== Task to complete ==
Copy the data that follows, character for character, minus the pictures.

== The data ==
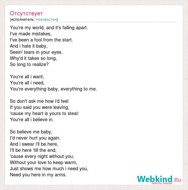 You're my world, and it's falling apart. I've made mistakes, I've been a fool from the start. And i hate it baby, Seein' tears in your eyes. Why'd it takes so long, So long to realize? You're all i want, You're all i need, You're everything baby, everything to me. So don't ask me how i'd feel If you said you were leaving, 'cause my heart is yours to steal: You're all i believe in. So believe me baby, I'd never hurt you again. And i swear i'll be here, I'll be here 'till the end, 'cause every night without you, Without your love to keep warm, Just shows me how much i need you, Need you here in my arms.
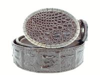 Handcrafted crocodile leather belt made from genuine Siamese crocodile hornback skin. As a main decoration on surface of belt used hornback crocodile skin, as a basement for this belts use genuine calfskin. Crocodile strap have a gluing of skin, gluing made very professionally and almost invisible. This crocodile belt can be used both men and women, but mainly this model targeted for men. Belt equipped buckle in the form of ellipse with notching, what fixing to the belt through crocodile leather strap half belt.
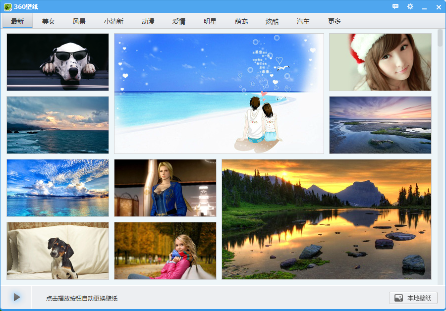 十大分类:美女、风景、小清新、动漫、明星、爱情、萌宠、影视、汽车,海量壁纸任你选择,分类更详细,内容更丰富,时时为您添加最新的壁纸,让您的电脑天天都有最新、最精致的表情。

== Exercise output ==
 You're my world, and it's falling apart. I've made mistakes, I've been a fool from the start. And i hate it baby, Seein' tears in your eyes. Why'd it takes so long, So long to realize? You're all i want, You're all i need, You're everything baby, everything to me. So don't ask me how i'd feel If you said you were leaving, 'cause my heart is yours to steal: You're all i believe in. So believe me baby, I'd never hurt you again. And i swear i'll be here, I'll be here 'till the end, 'cause every night without you, Without your love to keep warm, Just shows me how much i need you, Need you here in my arms.
 Handcrafted crocodile leather belt made from genuine Siamese crocodile hornback skin. As a main decoration on surface of belt used hornback crocodile skin, as a basement for this belts use genuine calfskin. Crocodile strap have a gluing of skin, gluing made very professionally and almost invisible. This crocodile belt can be used both men and women, but mainly this model targeted for men. Belt equipped buckle in the form of ellipse with notching, what fixing to the belt through crocodile leather strap half belt.
 十大分类:美女、风景、小清新、动漫、明星、爱情、萌宠、影视、汽车,海量壁纸任你选择,分类更详细,内容更丰富,时时为您添加最新的壁纸,让您的电脑天天都有最新、最精致的表情。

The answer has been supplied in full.